Really bad performance is & lt; 1000 per second. The section key is Guid.NewGuid (), and the line key is the "UserInfo" constant. Get is performed using the TableOperation function with pk and rk, and nothing happens as follows: TableOperation retrieveOperation = TableOperation.Retrieve (pk, rk); return cloudTable.ExecuteAsync (retrieveOperation). We always use indexed reads and never scan tables. In addition, the size of the virtual machine is medium or large, nothing less. Parallel no, asynchronously yes

+4
source share
3 answers

As other users note, Azure tables are strictly controlled by the runtime, and therefore you cannot control / check which specific storage nodes process your requests. In addition, any dedicated partition is served by a single server , that is, objects belonging to the same partition cannot be shared between several storage nodes (see HERE )

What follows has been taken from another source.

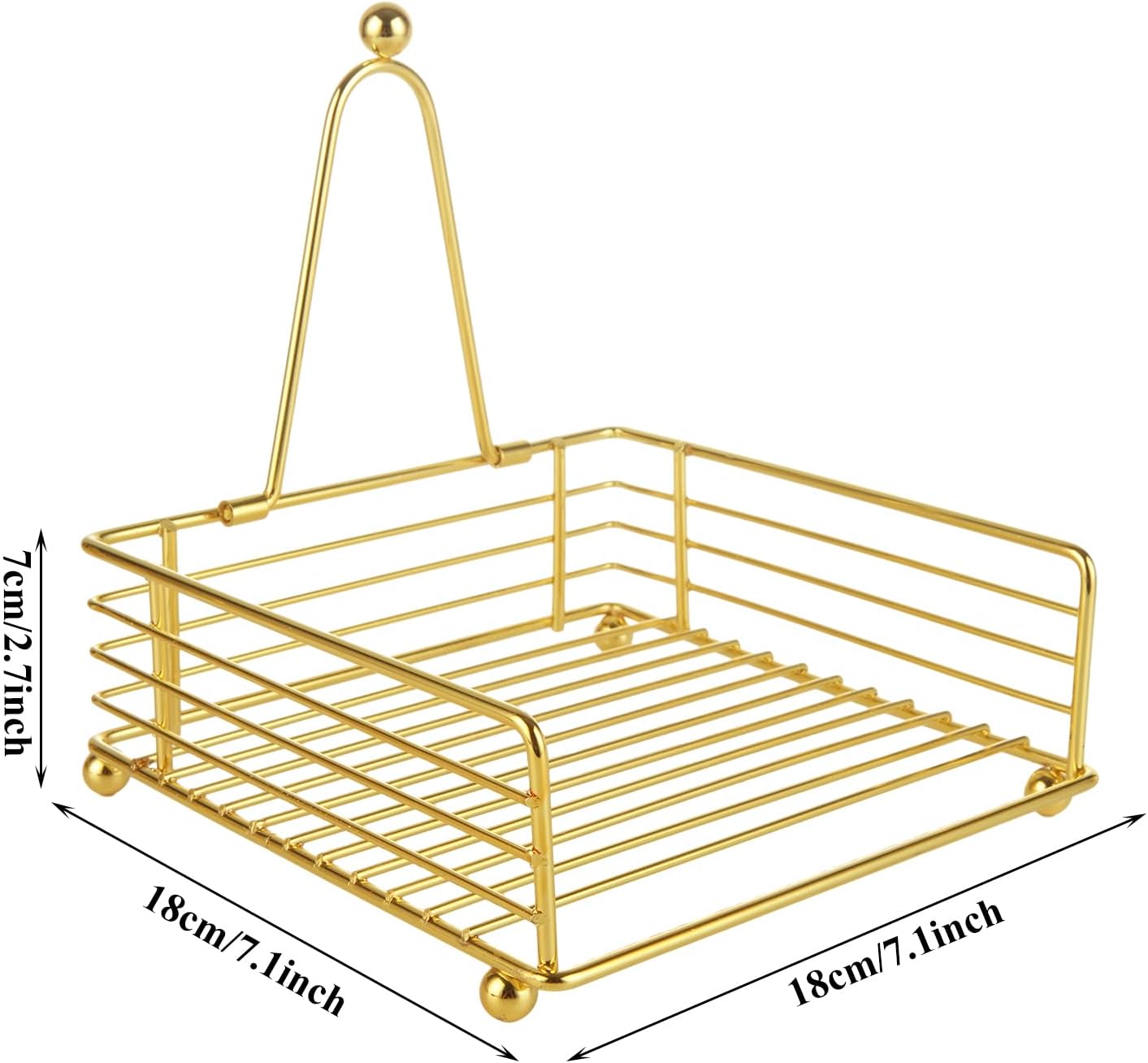 - Durable Metal Construction: Flat Napkin holders are made of quality metal with gold finish, won't tarnish and does not bend easily; Smooth surface will not puncture or tear paper napkins; Sturdy raised feet, prevent sliding

In a Windows Azure table, the PartitionKey property is used as the partition key. All objects with the same PartitionKey value are grouped together and served from a single node server. This allows the user to control the locality of entities by setting PartitionKey values ​​and performing Entity Group transactions on objects in the same section.

Do you mention that you are targeting 8000 queries per second? If so, you can get a threshold that requires a very good table / section design. See " Azure Storage Abstractions and Scalability Targets ".

The following example applies to your situation:

This will provide the following scalability goals for the individual vault account created after June 7, 2012.

  • Capacity - up to 200 TB
  • Transactions Up to 20,000 objects / messages / blocks per second.

As other users have pointed out, if the PartitionKey numbering follows an incremental pattern, the Azure runtime recognizes this and groups some of your partitions into a single node storage.

Also, if I understood your question correctly, are you currently assigning partition keys using a GUID? If so, this means that each PartitionKey in your table will be unique, so each partition will have no more than 1 object. In accordance with the above articles, the way to scale an Azure table is to group objects in their partition keys inside independent storage nodes. If your partition keys are unique and therefore contain no more than one object, this means that the Azure table will scale only one entity at a time! Now we know that Azure is not so dumb, and it groups partition keys when it discovers the template in the form in which it was created. Therefore, if you click this trigger in Azure and Azure groups your partitions, it means that your scalability is limited by the cleverness of this grouping algorithm.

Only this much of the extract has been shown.